KYOTOplus is a national, non-partisan, petition-centered campaign for urgent federal government action on climate change. There are over fifty partner organizations, including: Climate Action Network Canada, Sierra Club Canada, Sierra Youth Coalition, Oxfam Canada, the Canadian Youth Climate Coalition, Greenpeace Canada, KAIROS: Canadian Ecumenical Justice Initiatives and the David Suzuki Foundation.

====Withdrawal of Canada====

On 13 December 2011, Canada's environment minister, Peter Kent, announced that Canada would withdraw from the Kyoto Protocol. The announcement was a day after the end of the 2011 United Nations Climate Change Conference (the 17th Conference of the Parties, or "COP 17"). At COP 17, the representatives of the Canadian government gave their support to a new international climate change agreement that "includes commitments from all major emitters." Canadian representatives also stated that "the Kyoto Protocol is not where the solution lies – it is an agreement that covers fewer than 30 per cent of global emissions (...)."

The Canadian government invoked Canada's legal right to formally withdraw from the Kyoto Protocol on 12 December 2011. Canada was committed to cutting its greenhouse emissions to 6% below 1990 levels by 2012, but in 2009 emissions were 17% higher than in 1990. Environment minister Peter Kent cited Canada's liability to "enormous financial penalties" under the treaty unless it withdrew. He also suggested that the recently signed Durban agreement may provide an alternative way forward.

=====Commentary=====

Christiana Figueres, Executive Secretary of the UNFCCC, said that she regretted Canada's decision to withdraw from the Kyoto treaty, and that "[whether] or not Canada is a Party to the Kyoto Protocol, it has a legal obligation under the [UNFCCC] to reduce its emissions, and a moral obligation to itself and future generations to lead in the global effort."

Canada's decision received a mostly negative response from representatives of other ratifying countries. A spokesman for France's foreign ministry called the move "bad news for the fight against climate change." Japan's own environment minister, Goshi Hosono, urged Canada to stay in the protocol. Some countries, including India, were worried that Canada's decision might jeopardise future conferences.

A spokesperson for the island nation of Tuvalu, significantly threatened by rising sea levels, accused Canada of an "act of sabotage" against his country. Australian government minister Greg Combet, however, defended the decision, saying that it did not mean Canada would not continue to "play its part in global efforts to tackle climate change". China called Canada's decision to withdraw from the Kyoto Protocol "regrettable" and said that it went against the efforts of the international community. Canada's move came days after climate-change negotiators met to hammer-out a global deal in Durban, South Africa.
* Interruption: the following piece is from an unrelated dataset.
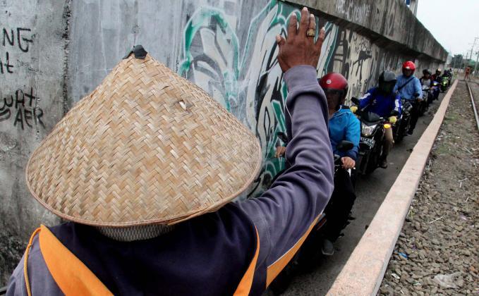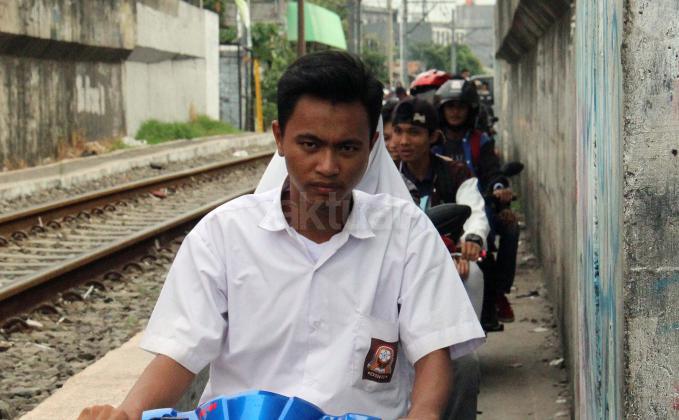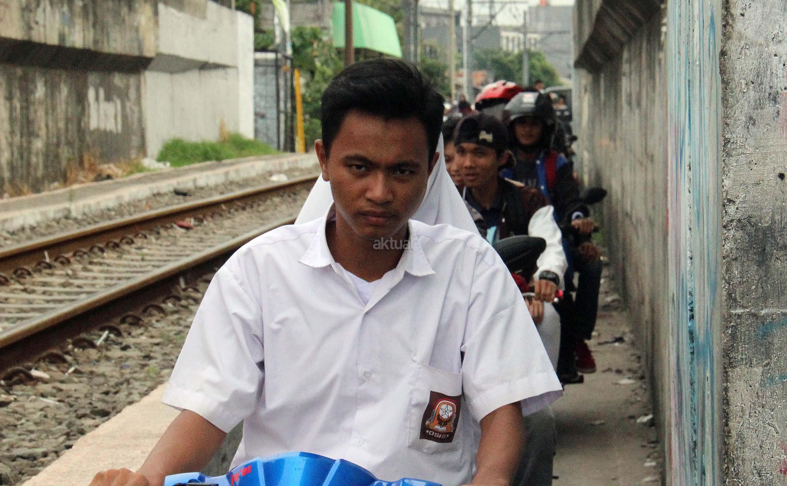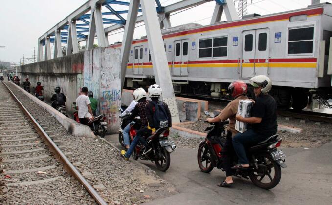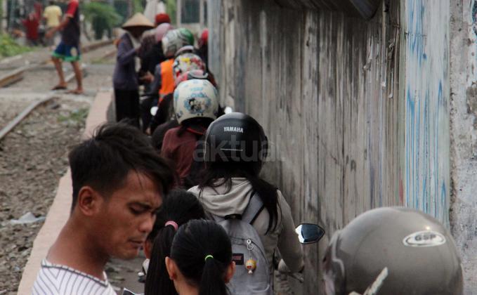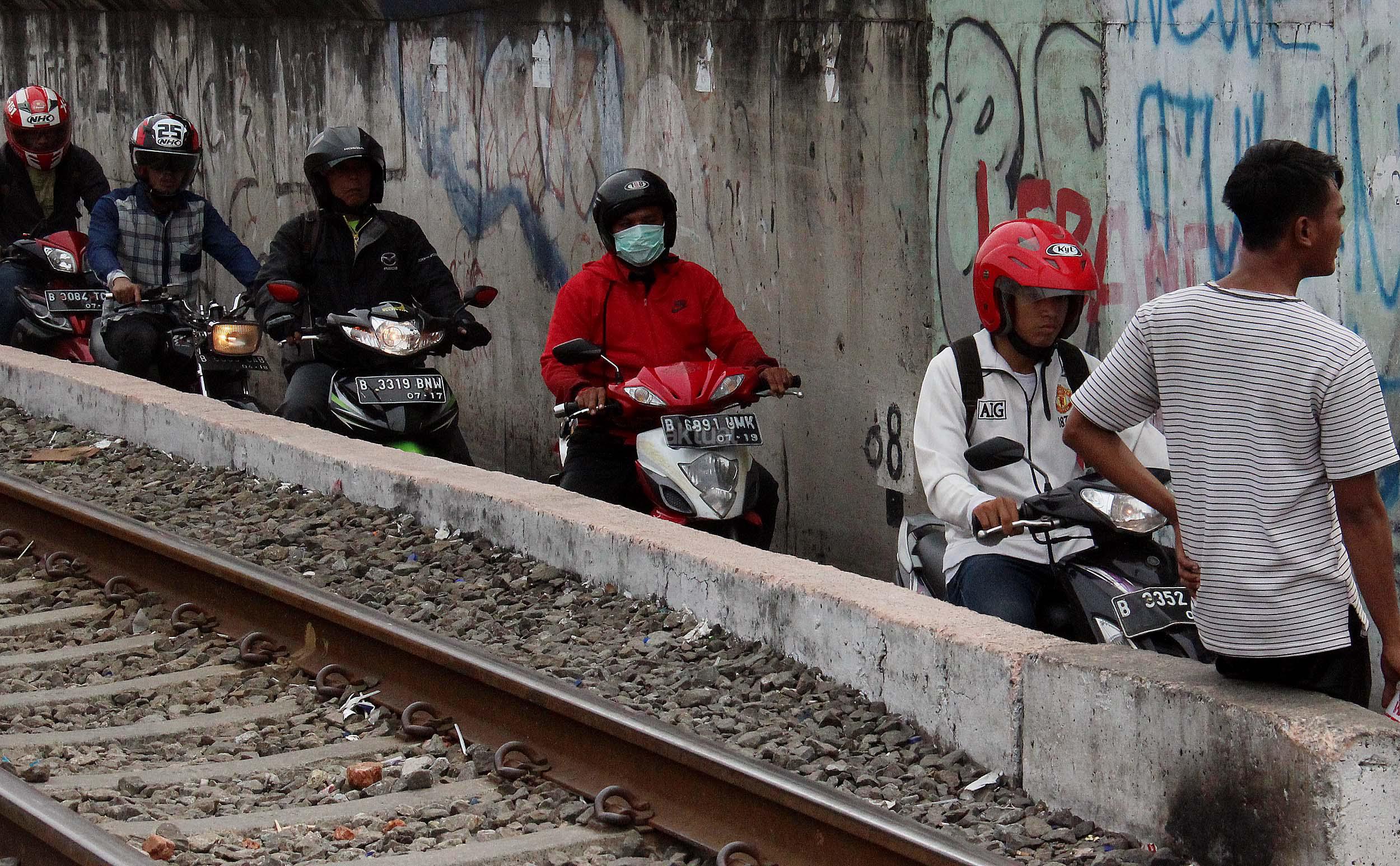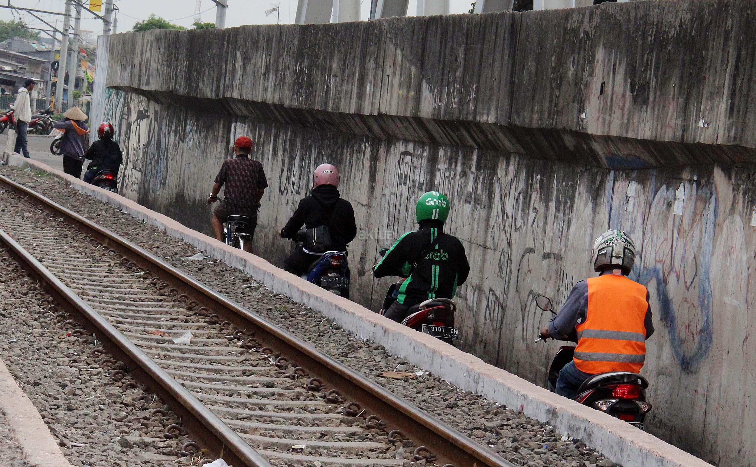 Sejumlah motor melintas disebelah jalur perlintasan kereta api dikawasan Duri Pulo di Jakarta, Senin(20/6/2016). Jarak yang dekat antara jalur motor dan jalur kereta tanpa disadari dapat membahayakan keselamatan pengendara.

Foreign Ministry spokesman Liu Weimin expressed China's dismay at the news that Canada had pulled out of the Kyoto Protocol. Noting that the timing was particularly bad, because negotiators at the just-concluded Durban conference made what he described as important progress on the issue of the Kyoto Protocol's second commitment period.

The UK's Guardian newspaper reported on Canada's decision to withdraw from the Kyoto treaty. According to the Guardian, "Canada's inaction was blamed by some on its desire to protect the lucrative but highly polluting exploitation of tar sands, the second biggest oil reserve in the world."

===Europe===

====European Union====

On 31 May 2002, all fifteen then-members of the European Union deposited the relevant ratification paperwork at the UN. Under the Kyoto Protocol, the 15 member countries that were Member States of the EU when the Protocol was agreed (EU-15) are committed to reducing their collective GHG emissions in the period 2008–12 to 8% below levels in 1990 (EEA, 2009, p. 9). All but one EU Member State (Austria) anticipate that they will meet their commitments under the Kyoto Protocol (EEA, 2009, pp. 11–12).

Denmark has committed itself to reducing its emissions by 21%. On 10 January 2007, the European Commission announced plans for a European Union energy policy that included a unilateral 20% reduction in GHG emissions by 2020.

The EU has consistently been one of the major nominal supporters of the Kyoto Protocol, negotiating hard to get wavering countries on board.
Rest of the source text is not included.